Соответственно, биологи не считают[40] старение неизбежным. Скорее всего, все, о чем заботится эволюция, – это приспособленность, выражающаяся в возможности наиболее успешно передать гены. Но жить долго имеет смысл лишь в том случае, если тебя не съедят хищники и ты не погибнешь от болезни или несчастного случая еще до того, как придет пора умереть от старости. Поэтому птицы, которые могут спастись от хищников, улетев прочь, живут в целом дольше, чем нелетающие существа сопоставимого размера. Для тех счастливчиков, кому не приходится так уж бояться хищников, долгая жизнь означает больше времени на поиск пары и продолжение рода. Замедление метаболизма, чтобы не приходилось каждый день добывать большие объемы пищи, может быть просто способом успешно дожить до старости.

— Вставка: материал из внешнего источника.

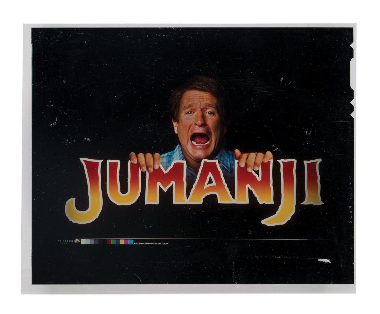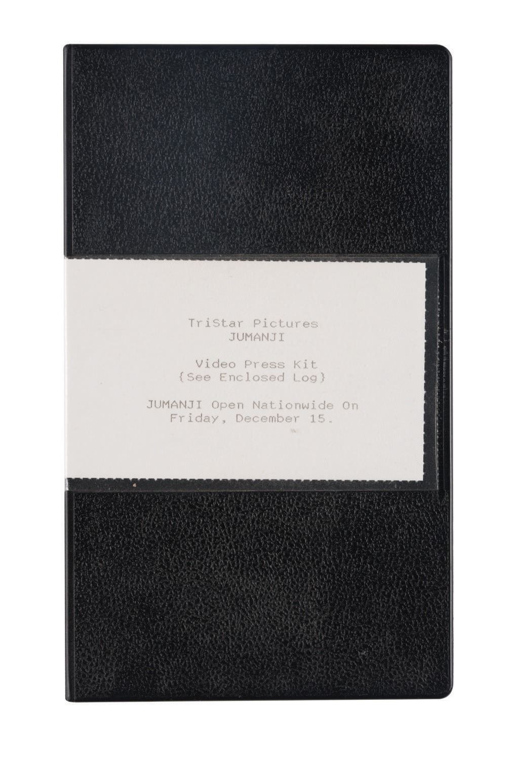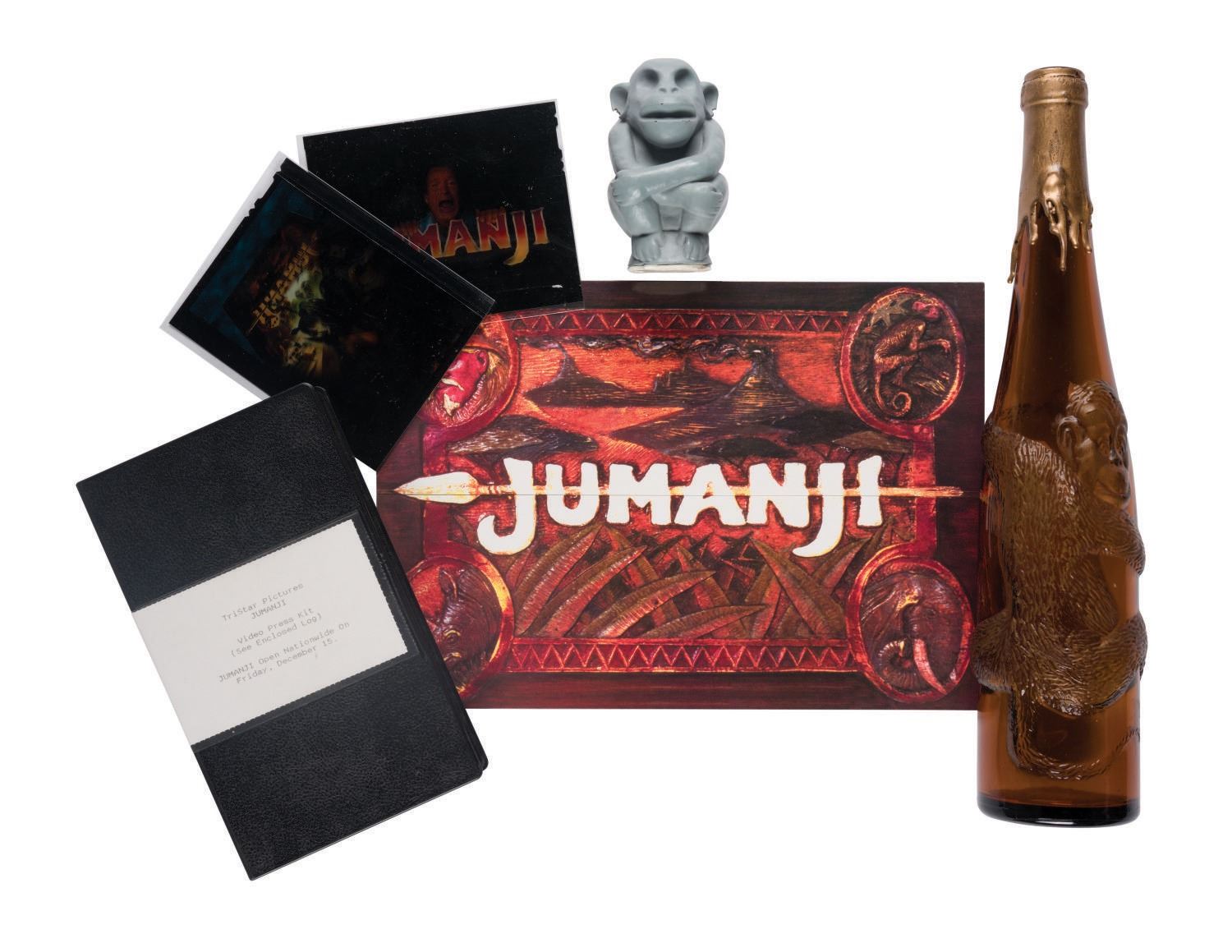 (Tri-Star, 1995) A press kit, wine bottle prop, and prototype game piece prop created for Jumanji. The press kit features a program, two promotional photo negatives, and a "video press kit." The collection also contains a resin prototype monkey game piece created for Chronicle Collectables and a prop wine bottle. Measuring various sizes, the press kit, prop wine bottle, and resin prototype prop are in fine overall condition. The monkey game piece prototype exhibits two chips (one on each ear).
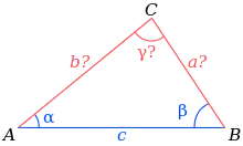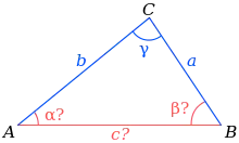 On considère un triangle dont un angle β est connu, ainsi qu'un côté adjacent de cet angle c et le côté opposé b. Le deuxième angle γ s'obtient par la loi des sinus, le dernier angle α par complément à π et le dernier côté par la loi des sinus :
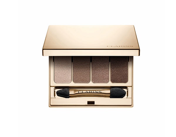 ● لتجميل عينيك، استعملي علبة ظلال الجفون الرباعية الألوانClarins 4 Colour Eyeshadow Palette in Brown no.03، وزّعي الظل العاجي فوق كامل الجفن الأعلى، والظل البني-النحاسي عند زاوية العين الخارجية، وموّهي اللون نحو الداخل. بعدها، ضعي لمسة من الظل البني الدافئ عند طيّة العين وخط الرموش السفلية. لإشراق النظرة، ضعي لمسة من الظل الماسيّ M.A.C Transformed Small Eye Shadow in White Frost عند زاوية العين الداخلية.
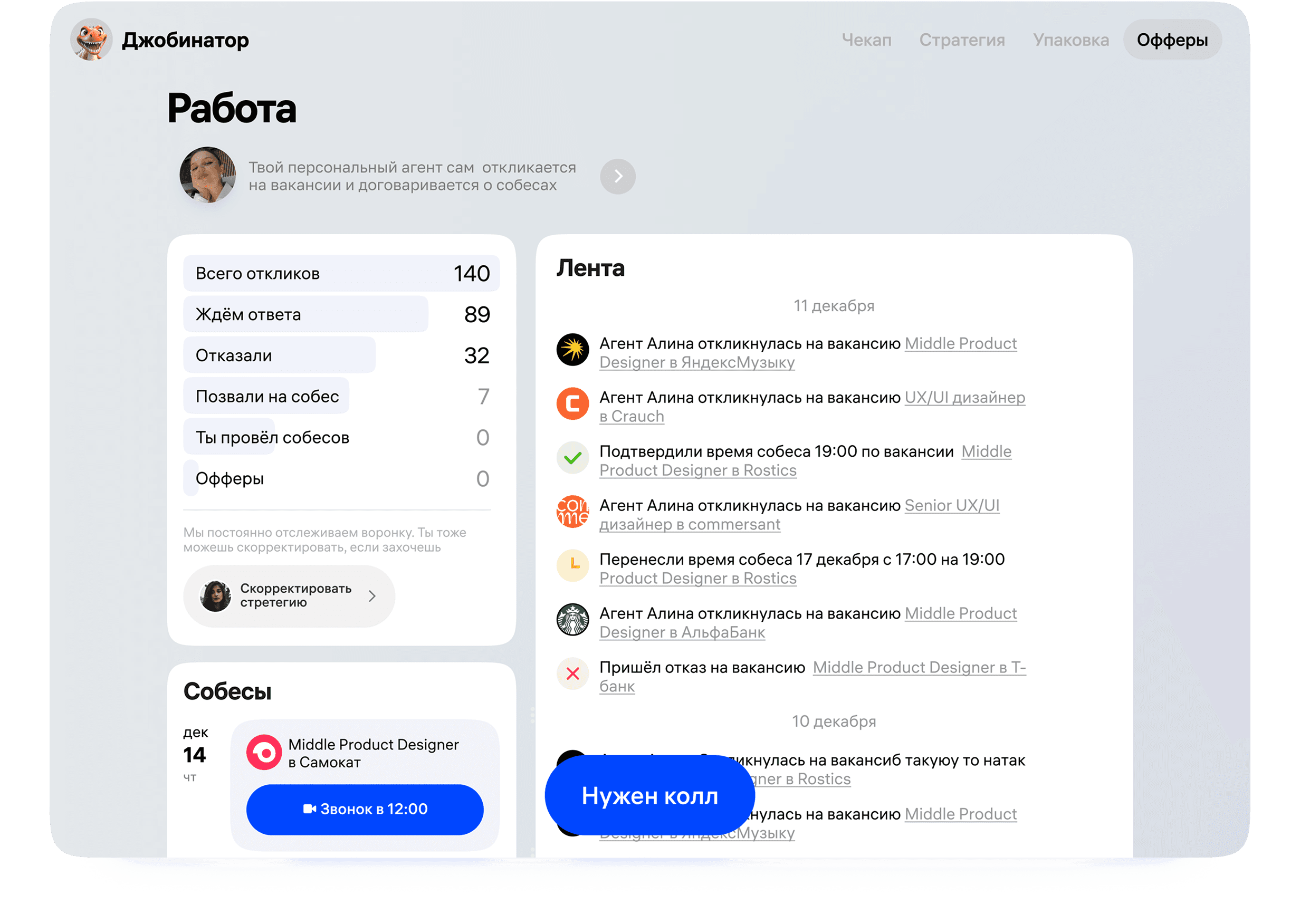 Запроектировал и нарисовал экраны для полного цикла трудоустройства юзеров. От первичного скоринга до воронки откликов.
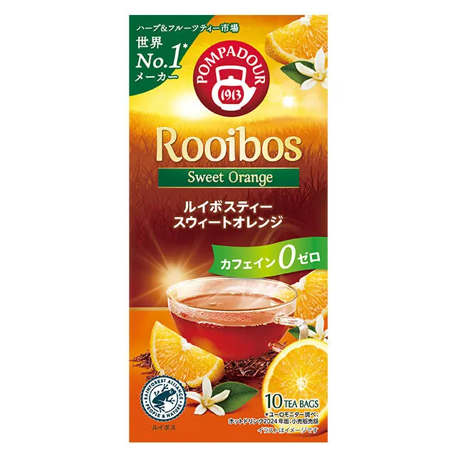 渋味がなくすっきりとした味わいのルイボスティーに、摘みたてオレンジのような爽やかな香りが引き立ちます。 【POMPADOUR】(ポンパドール)ポンパドールハーブティー 創業125年以上の歴史を持つ世界最大級のハーブ&ティーメーカーのブランド「ポンパドール」。適地適作の良質なハーブを世界中から取り寄せています。 ノンカフェイン●ティーバッグ個包装
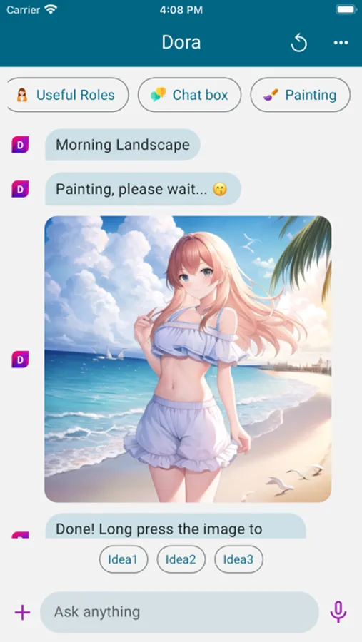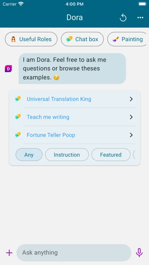 Dora is a friendly AI assistant that can help with everyday problems like answering questions, translating, language learning, grammar, or generating content and drawings you want. You can also chat with her freely.
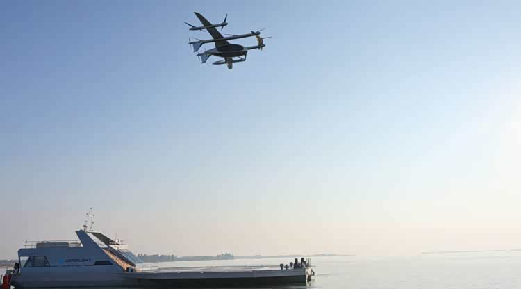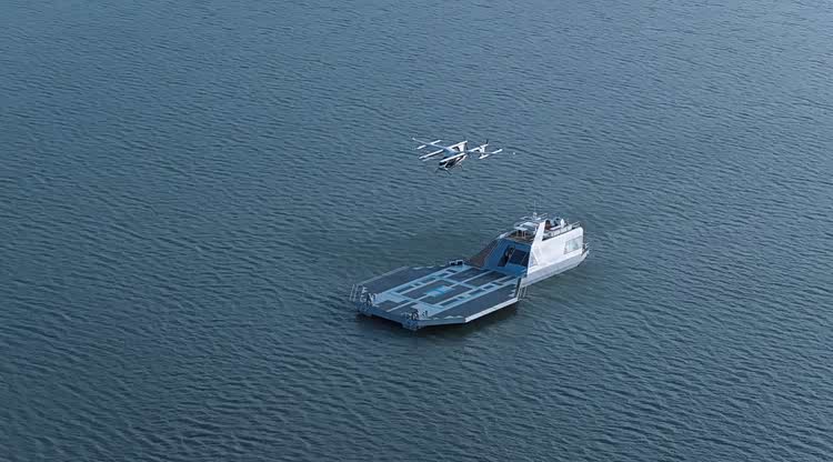 该平台全长36.5米,甲板面积超300平方米,专为eVTOL航空器量身打造,集成起降、停靠、调度等核心功能,突破传统交通基建对陆地资源的依赖。甲板表面铺设高效光伏系统,可为平台运行及航空器充电提供清洁电力,践行零碳运营理念。
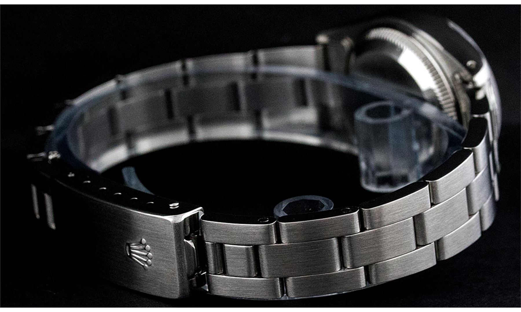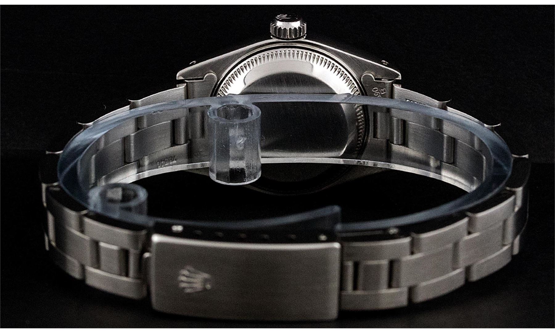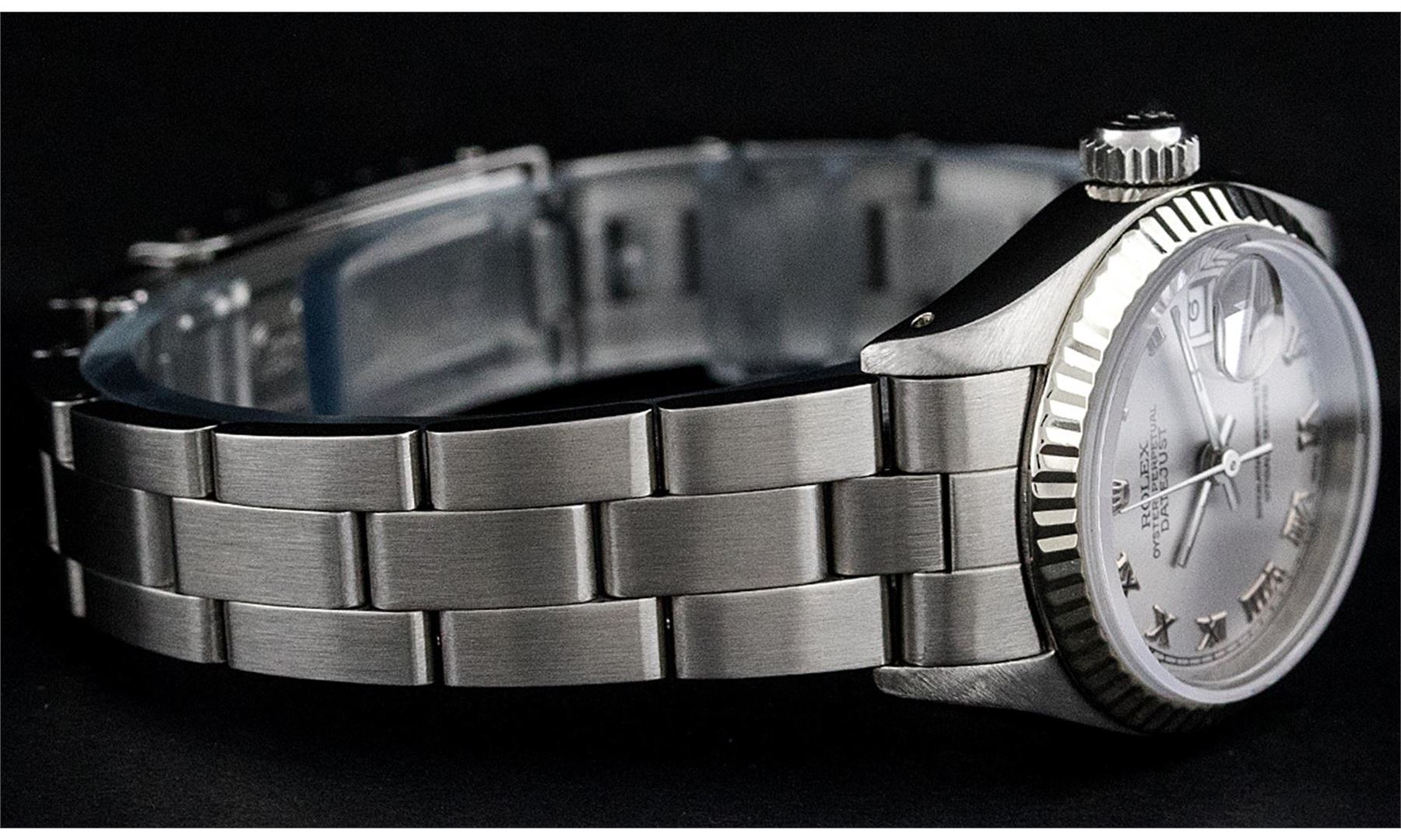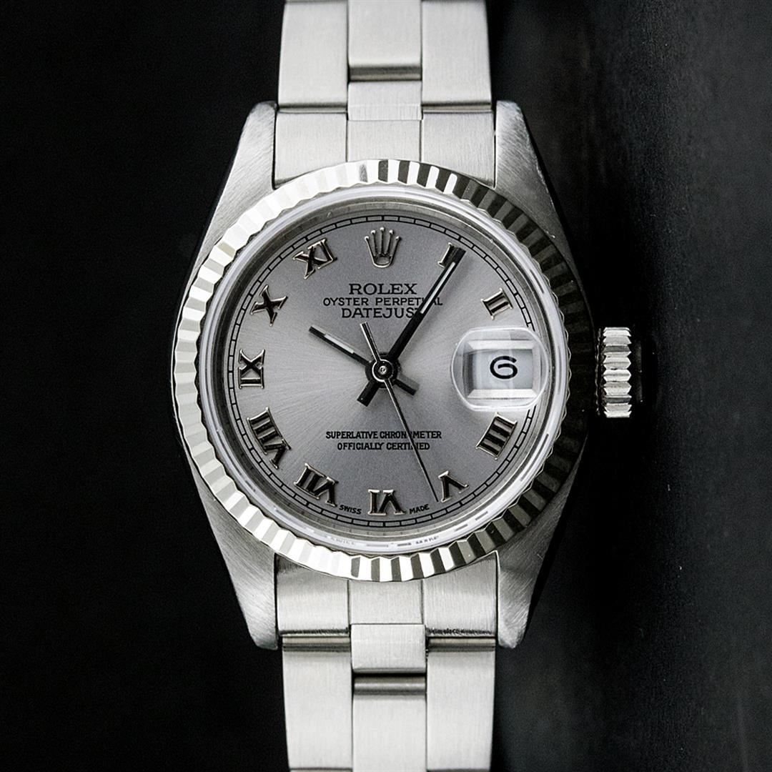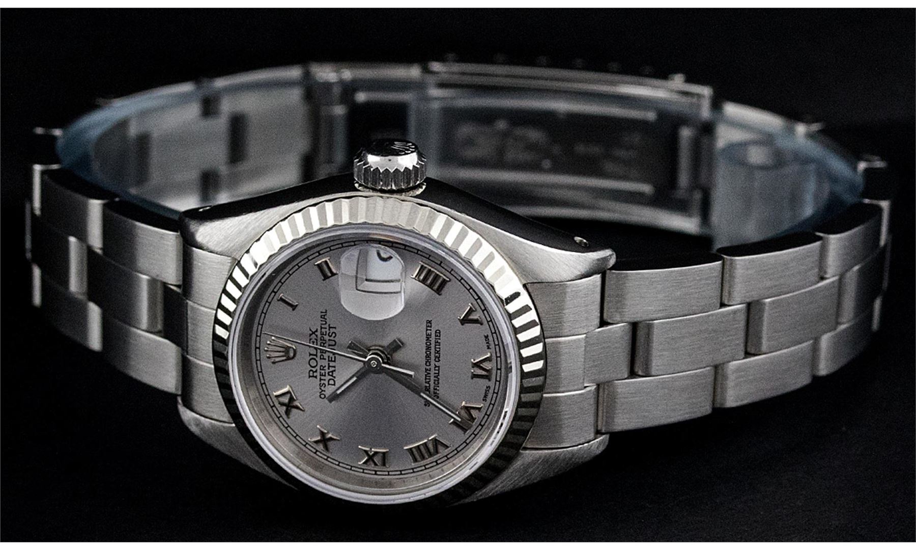 One Ladies Rolex Datejust Polished Bright with Satin Finish, Serviced & Electronically Tested, Stainless Steel Case:26mm, Stainless Steel Crown, Bezel:14K White Gold Fluted. Custom Crystal: Acrylic Cyclops Lens. Movement: Automatic Winding Movement Caliber 2030. Custom Dial: Slate Grey With Roman Hour Markers. Date Window: 3 O'Clock Position Date Display, Model: Datejust Condition: G-6 Extra Fine. Bracelet: Stainless Steel Oyster Band. Bright Polish & Satin Finish. 6.0 Inch Length, Adjustable. Standard Clasp, With Rolex Logo.

В каждом случае продолжительность жизни всего лишь является отражением того, как эволюция оптимизирует приспособленность вида.
Стивен Остед, ведущий специалист в области исследований старения, занимается изучением экзотических видов с самой разной продолжительностью жизни. У него весьма необычная для биолога карьера: он начинал с того, что изучал английскую литературу в Калифорнийском университете в Лос-Анджелесе в надежде написать великий американский роман. Учитывая, что о таком романе никто не слышал, шутит Остед, можно догадаться, насколько замысел удался. После окончания университета в свободное от написания романа время Стивен работал таксистом, корреспондентом в газете, а затем на несколько лет стал укротителем львов, тигров и других диких животных, которых использовали для киносъемок. Так у него зародился интерес[41] к биологии, и Остед вернулся в университет, чтобы изучать поведение животных. Именно с тех пор его занимает вопрос, почему животные стареют с разной скоростью.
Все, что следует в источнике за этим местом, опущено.